**Goal of the exercise**:
Your output should be the lines below from the one holding "des gens qui" through the one holding "This paper proposes", transcribed exactly, with no pictures.

**Recorded information**:
━━━

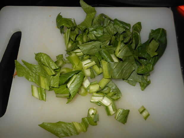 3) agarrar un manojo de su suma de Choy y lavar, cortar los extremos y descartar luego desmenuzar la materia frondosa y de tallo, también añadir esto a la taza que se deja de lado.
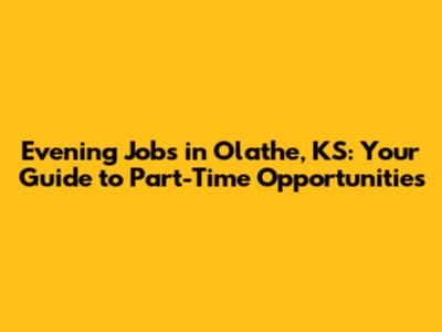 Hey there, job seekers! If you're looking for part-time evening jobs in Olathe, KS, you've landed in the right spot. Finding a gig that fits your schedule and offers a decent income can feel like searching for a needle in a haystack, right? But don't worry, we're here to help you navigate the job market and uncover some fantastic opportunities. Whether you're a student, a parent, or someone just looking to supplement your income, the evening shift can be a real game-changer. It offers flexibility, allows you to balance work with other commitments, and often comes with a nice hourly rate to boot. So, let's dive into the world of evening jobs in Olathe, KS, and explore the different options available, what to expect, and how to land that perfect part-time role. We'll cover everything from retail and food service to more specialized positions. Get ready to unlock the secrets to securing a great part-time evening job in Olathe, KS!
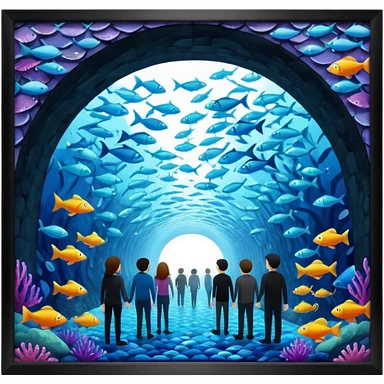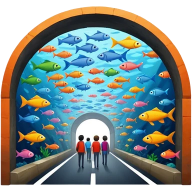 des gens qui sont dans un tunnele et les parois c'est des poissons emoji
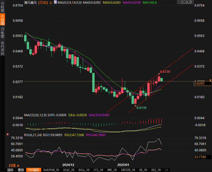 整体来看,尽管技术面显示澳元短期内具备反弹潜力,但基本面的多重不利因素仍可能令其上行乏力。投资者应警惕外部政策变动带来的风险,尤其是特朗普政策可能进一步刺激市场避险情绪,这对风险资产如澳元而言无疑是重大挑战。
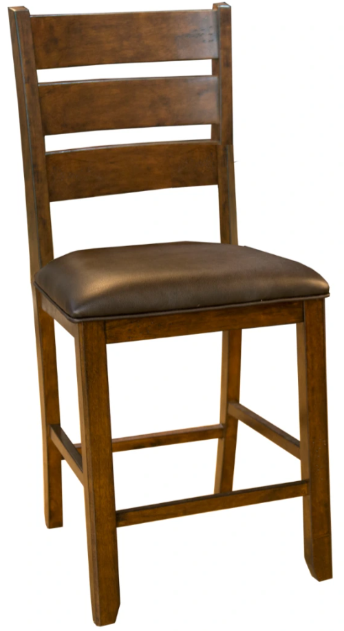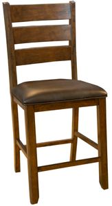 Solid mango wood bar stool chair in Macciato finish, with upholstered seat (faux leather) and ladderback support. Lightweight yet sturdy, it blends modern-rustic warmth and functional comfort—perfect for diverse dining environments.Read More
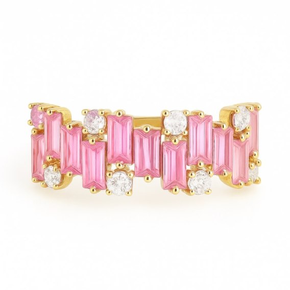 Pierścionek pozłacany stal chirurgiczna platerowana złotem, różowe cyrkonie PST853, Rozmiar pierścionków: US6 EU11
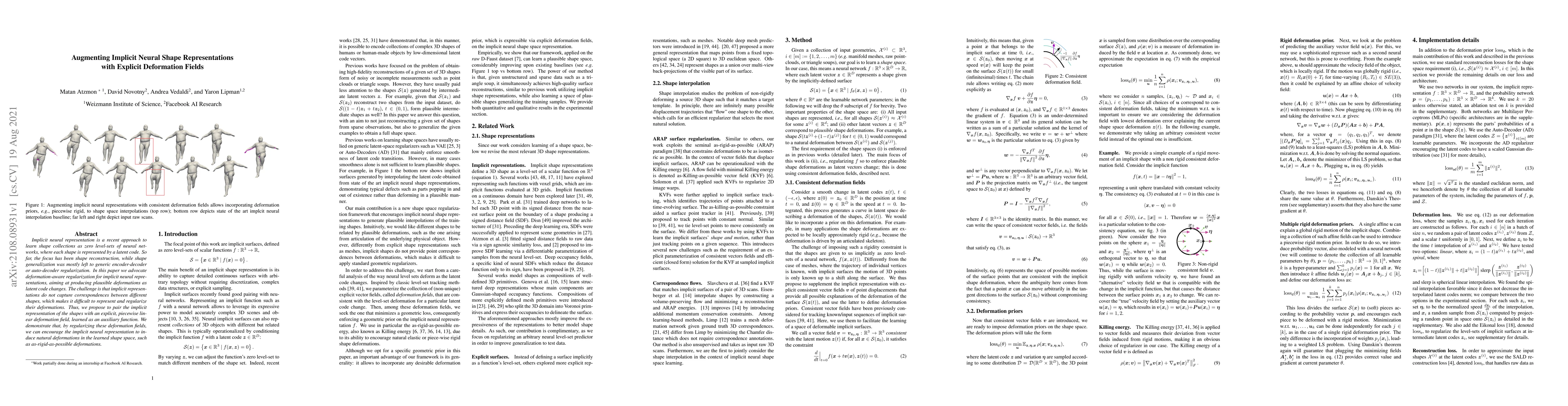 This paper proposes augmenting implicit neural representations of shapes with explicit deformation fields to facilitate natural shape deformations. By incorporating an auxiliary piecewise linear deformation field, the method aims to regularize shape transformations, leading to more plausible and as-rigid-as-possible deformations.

━━━

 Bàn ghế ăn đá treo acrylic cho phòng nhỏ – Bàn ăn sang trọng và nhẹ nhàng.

━━━

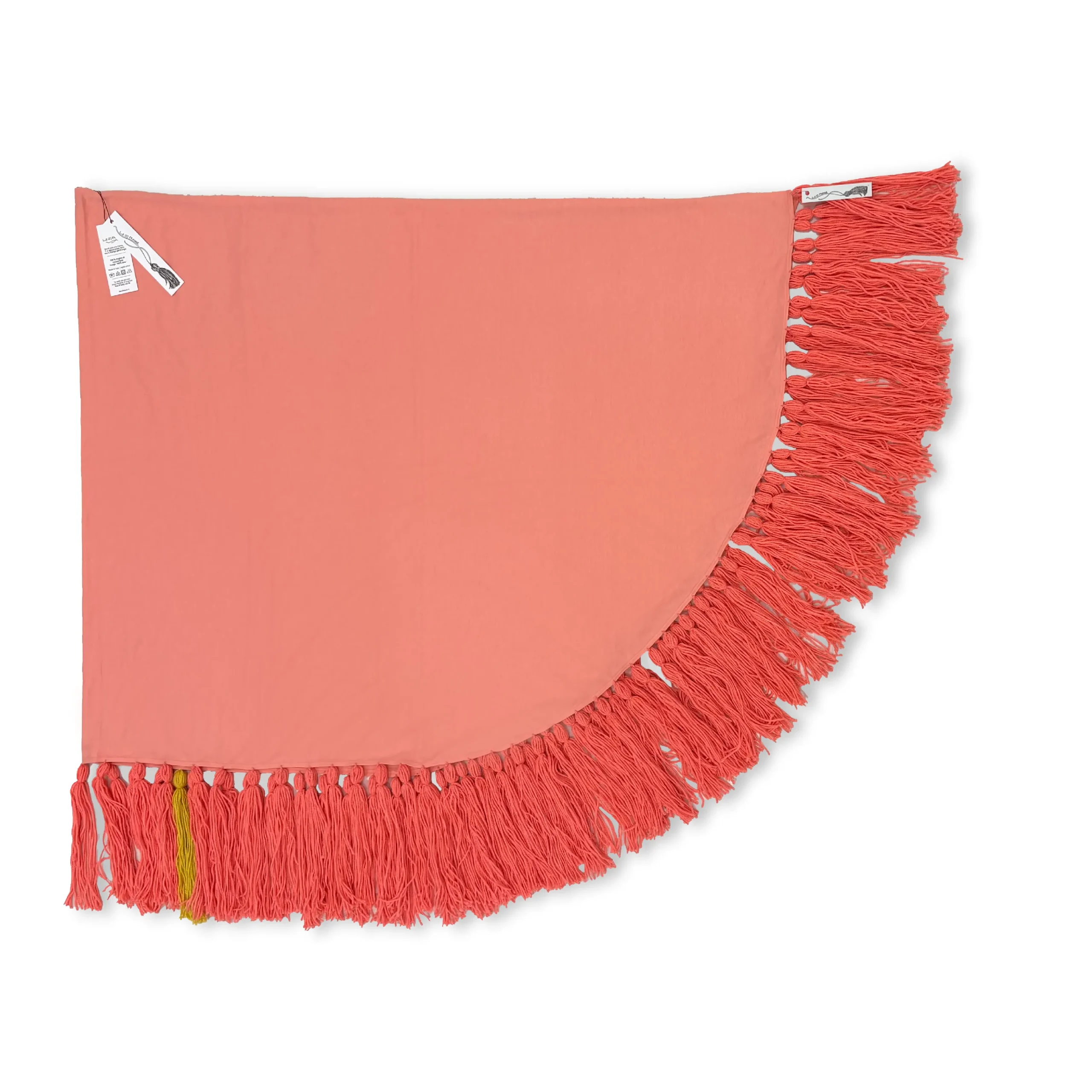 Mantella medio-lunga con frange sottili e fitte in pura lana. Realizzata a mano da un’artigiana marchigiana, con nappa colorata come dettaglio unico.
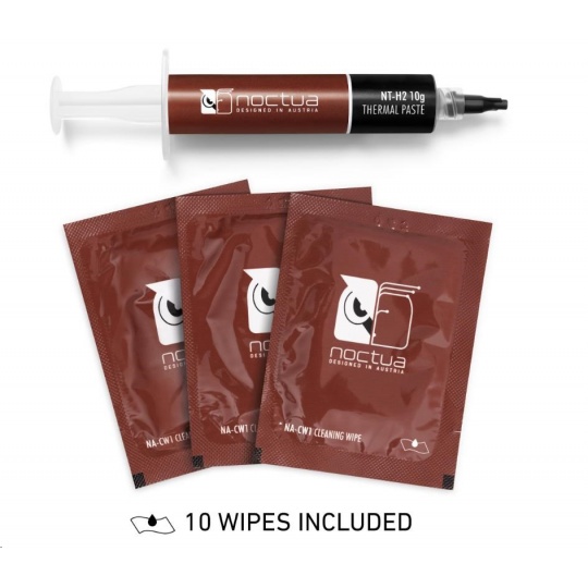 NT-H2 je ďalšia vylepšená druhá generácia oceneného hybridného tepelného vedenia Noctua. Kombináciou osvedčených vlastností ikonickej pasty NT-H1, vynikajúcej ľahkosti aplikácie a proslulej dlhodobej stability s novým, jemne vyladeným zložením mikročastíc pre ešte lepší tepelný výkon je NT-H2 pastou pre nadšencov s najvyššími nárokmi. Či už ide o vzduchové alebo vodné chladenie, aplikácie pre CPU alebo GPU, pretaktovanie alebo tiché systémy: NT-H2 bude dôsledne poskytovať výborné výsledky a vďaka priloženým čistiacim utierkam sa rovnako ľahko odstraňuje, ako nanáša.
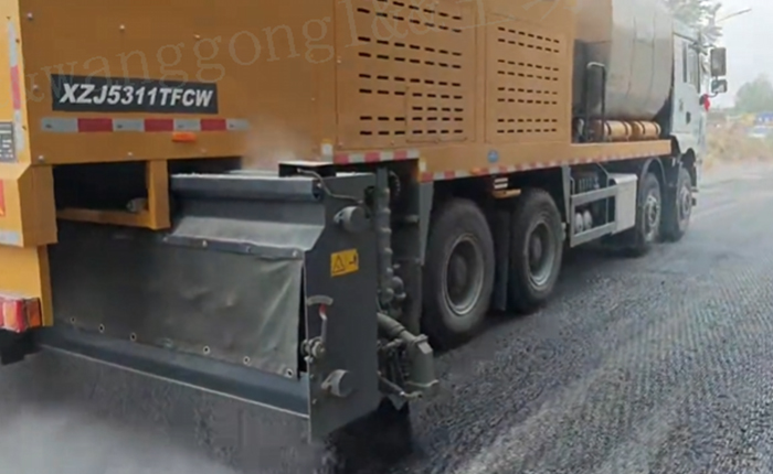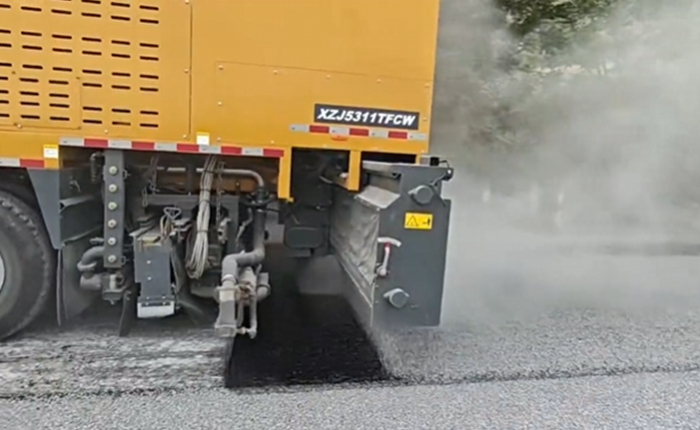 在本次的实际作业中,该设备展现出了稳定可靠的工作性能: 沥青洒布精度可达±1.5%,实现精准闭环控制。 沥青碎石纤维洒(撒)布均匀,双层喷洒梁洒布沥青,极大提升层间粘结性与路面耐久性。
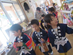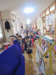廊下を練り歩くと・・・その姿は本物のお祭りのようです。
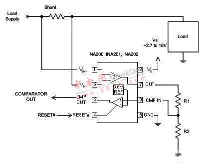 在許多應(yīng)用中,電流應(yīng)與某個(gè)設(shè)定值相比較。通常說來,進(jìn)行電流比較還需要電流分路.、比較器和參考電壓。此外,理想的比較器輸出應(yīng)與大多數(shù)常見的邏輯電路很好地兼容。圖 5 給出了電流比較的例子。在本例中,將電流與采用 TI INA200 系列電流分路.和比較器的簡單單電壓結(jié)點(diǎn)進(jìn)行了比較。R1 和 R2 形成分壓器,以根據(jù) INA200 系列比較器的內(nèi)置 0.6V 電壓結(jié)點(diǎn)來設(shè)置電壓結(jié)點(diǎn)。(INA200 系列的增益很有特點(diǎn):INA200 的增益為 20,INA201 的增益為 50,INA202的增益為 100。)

━━━

**The completed task**:
 des gens qui sont dans un tunnele et les parois c'est des poissons emoji
 整体来看,尽管技术面显示澳元短期内具备反弹潜力,但基本面的多重不利因素仍可能令其上行乏力。投资者应警惕外部政策变动带来的风险,尤其是特朗普政策可能进一步刺激市场避险情绪,这对风险资产如澳元而言无疑是重大挑战。
 Solid mango wood bar stool chair in Macciato finish, with upholstered seat (faux leather) and ladderback support. Lightweight yet sturdy, it blends modern-rustic warmth and functional comfort—perfect for diverse dining environments.Read More
 Pierścionek pozłacany stal chirurgiczna platerowana złotem, różowe cyrkonie PST853, Rozmiar pierścionków: US6 EU11
 This paper proposes augmenting implicit neural representations of shapes with explicit deformation fields to facilitate natural shape deformations. By incorporating an auxiliary piecewise linear deformation field, the method aims to regularize shape transformations, leading to more plausible and as-rigid-as-possible deformations.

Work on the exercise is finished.